Unnamed: 0_level_0,Close,Volume,priceRise,volumeRise
Date,Unnamed: 1_level_1,Unnamed: 2_level_1,Unnamed: 3_level_1,Unnamed: 4_level_1
2024-01-19 00:00:00+09:00,74031.875,23363427,0.040989,0.268978
2024-01-16 00:00:00+09:00,71950.664062,14760415,-0.017748,1.607464
2024-01-12 00:00:00+09:00,72446.1875,13038939,-0.001367,-1.487166
2024-05-02 00:00:00+09:00,77653.648438,18900640,0.006431,-0.005612
2024-03-12 00:00:00+09:00,72644.398438,13011654,0.012354,0.289553


Filter the DataFrame to only include the new columns.

In [12]:
data = data[['priceRise','volumeRise',]]

Generating the output Variable (target or dependent variable).

In [13]:
conditions = [
            (data['priceRise'].shift(-1) > 0.01),
            (data['priceRise'].shift(-1) < -0.01)
            ]
choices = [1, -1]
data['Pred'] = np.select(conditions, choices, default=0)

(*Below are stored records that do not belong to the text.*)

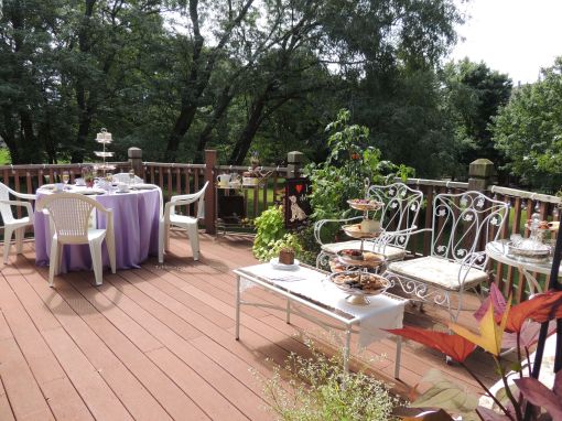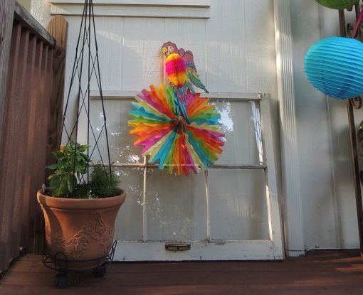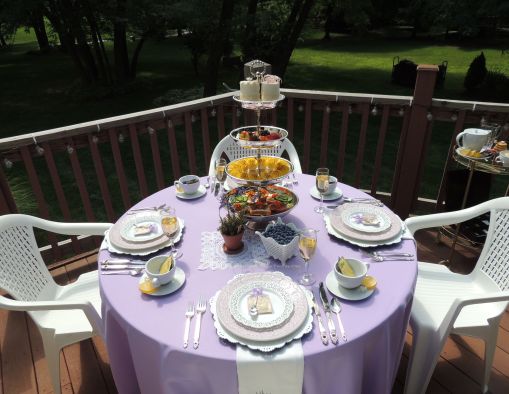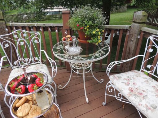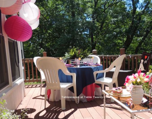 The other side of the deck is included in the party decor with a continuance of the color scheme.
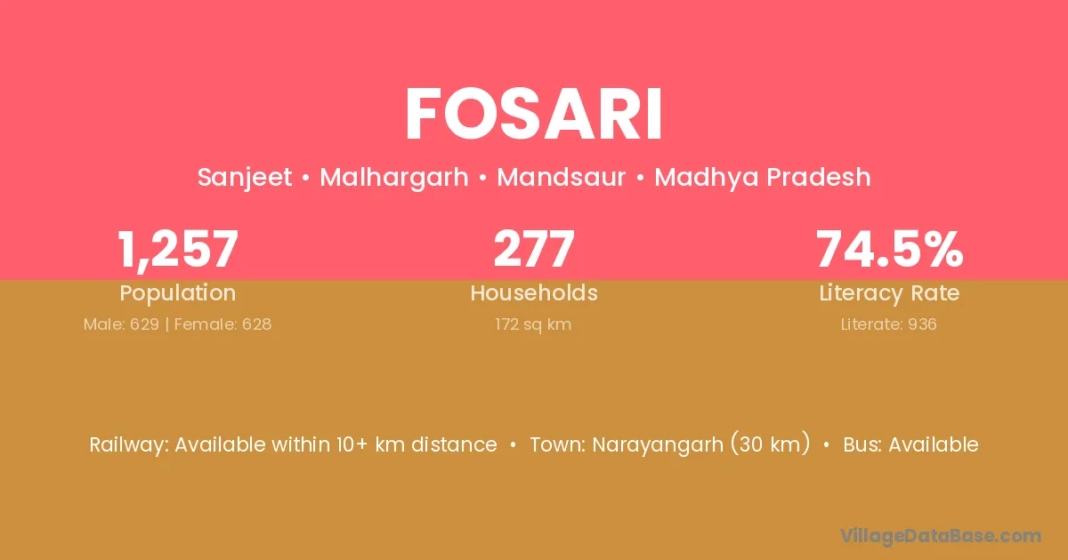 Narayangarh (30 km) is the nearest town to Fosari village for major economic activities and is located approximately 30 km away.
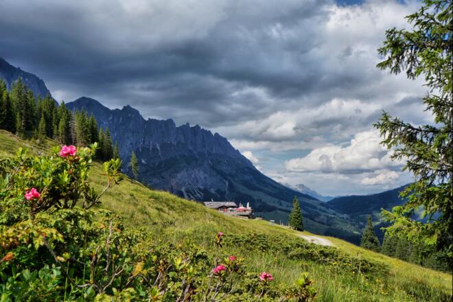 Im weiteren Tourverlauf gelangen Sie von der schroffen Formen des Feslgiganten Hochkönig zu den sanften Grasbergen der Region.
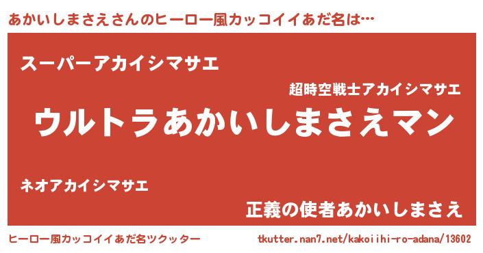 | 意味不明あだ名 | 『あかいしまさえフォーエバー』 |
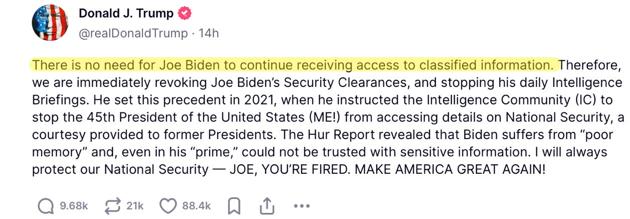 Anyone who is not mentally competent to stand trial for mishandling top secret classified material is not mentally competent to hold a top secret clearance...or any level of clearance for that matter. It's not payback, it's just common sense!
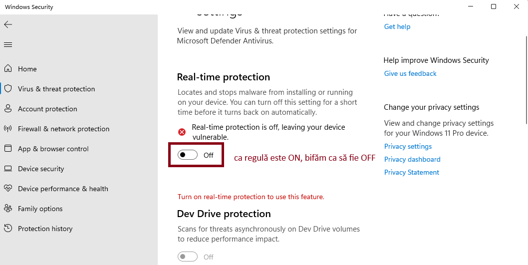 - Dezactivați opțiunea Protecție în timp real prin glisarea comutatorului. Acest lucru va dezactiva temporar antivirusul, dar sistemul îl poate activa automat după un timp.
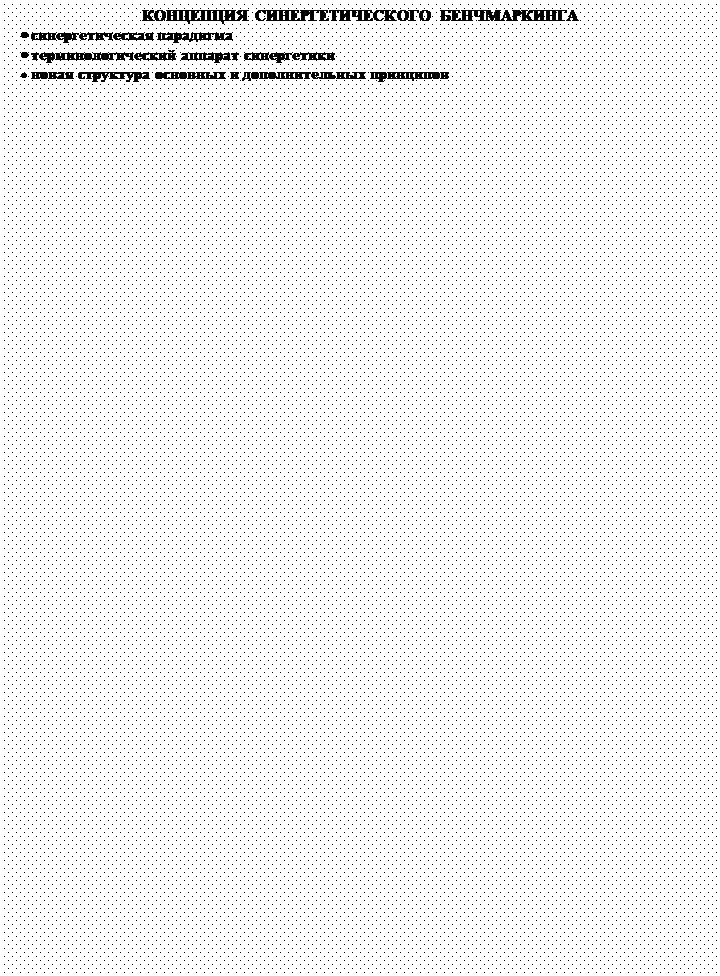 Ниже приводятся положения системы правил синергетики инвариантных к предметной области, которые могут обрабатывать любое проблемное знание, а также принципиальная модель синергетического бенчмаркинга и краткое обоснование научной новизны и ценности разработанной концепции.
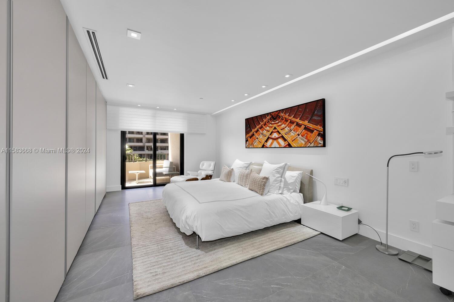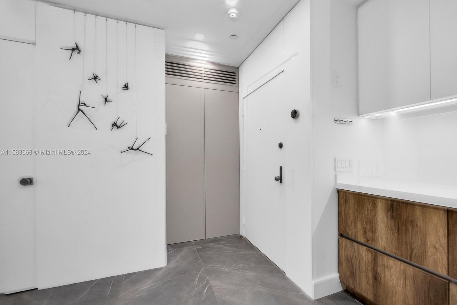 Unparalleled, impressive & completely renovated 2/2.5 unit. 1560 SF. Ingenious use of space like no other unit. Split bedroom plan. Large laundry/pantry/office. HIGH IMPACT WINDOWS & DOORS. Unique and sleek interior design features raised ceilings, custom sliding door system throughout w/internal auto lighting, MiaCucina designed kitchen w/Wolf, SubZero and Asko appliances. 48 bottle Wolf wine cooler. Linear A/C diffusers. Porcelain flooring provides a seamless transition to the extended balcony. Be the first to preview this spectacular unit! 2 covered parking spaces.
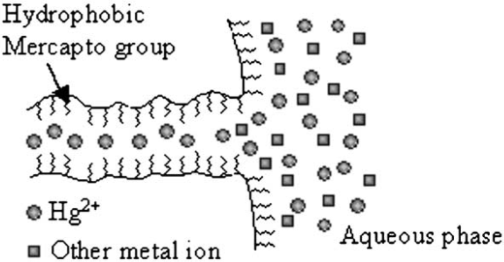 Dai et al. [183] studied effect of hydrophobicity of functional groups on their adsorption capacity. HMS, SBA–15 and PME (PMO material bridged with ethylene groups) functionalized with N-((trimethoxysilyl)propyl)-N,N,N-tri-n-butylammonium (TSPBC) and N-((trimethoxysilyl)propyl)-N,N,N-trimethylammonium (TSPMC) ions were used for the adsorption of hydrophobic ReO4− ions [183]. The results showed that TSPBC-functionalized HMS, SBA–15 and PME had bigger qmax values for the adsorption of ReO4− than those functionalized with TSPMC. This was due to the higher hydrophobic character of butyl groups compared to methyl groups that enhanced the adsorption of ReO4− ions. When a cationic surfactant (here CTAC) was used for synthesizing mesopores (called as MEB sample), its chloride ions attached to the protonated silanol groups and anion-exchange sites and hindered the adsorption of ReO4− ions. To avoid high chloride content in these mesopores, authors used TSPBC and a neutral surfactant (rather than CTAC) to synthesize mesoporous compound (called as NMEB) that increased greatly its qmax for the adsorption of ReO4− ions compared to MEB. In another work, a bifunctional HMS, prepared by mercaptopropyl and aminopropyl groups, was used for the adsorption of Hg2+, Cu2+ and Cd2+ [184]. Heavy Metal ions were adsorbed by –SH heads of mercaptopropyl groups. Due to higher affinity between –SH group and different mechanisms of its adsorption, the Hg2+ adsorption and its adsorption selectivity increased greatly compared to Cu2+ and Cd2+ (Figure 12). Hg2+ can be adsorbed on the inner surface of pores whereas Cu2+ and Cd2+ were adsorbed on the outer surface of adsorbent or near the pore openings. As reported [36,180,185–187], −SH groups of organically-functionalized mesopores have a great qmax for adsorption of Hg2+. An example of a compound with two functional groups is 1-benzoyl-3-propylthiourea-functionalized MCM–41 (MCM–41 BTU) which was synthesized through a two-step modification process [188] to better control removal of Hg2+ and to prevent unnecessary pore blocking. In the first step they prepared 3-aminopropyl-MCM–41 (MCM–41 NH2) and in the second step, they prepared MCM–41 BTU using MCM–41 NH2. Their surface area and pore size were decreased as in order as MCM–41 > MCM–41 NH2 > MCM–41 BTU.

Training and Evaluating the model.

In [14]:
features = data[['priceRise','volumeRise']].to_numpy()
features = np.around(features, decimals=2)
target = data['Pred'].to_numpy()

Spliting the data into training and testing sets and train the model.

In [15]:
X_train, X_test, y_train, y_test = train_test_split(features, target, test_size=0.2, random_state=42)

In [16]:
model = LinearRegression()
model.fit(X_train, y_train)

In [17]:
predictions = model.predict(X_test)
mse = mean_squared_error(y_test, predictions)

In [18]:
print(f'Mean Squared Error: {mse:3f}')

Mean Squared Error: 0.579398


This indicates the model accurately predicted the next day’s trajectory of Samsung's stock about 58 percent of the time.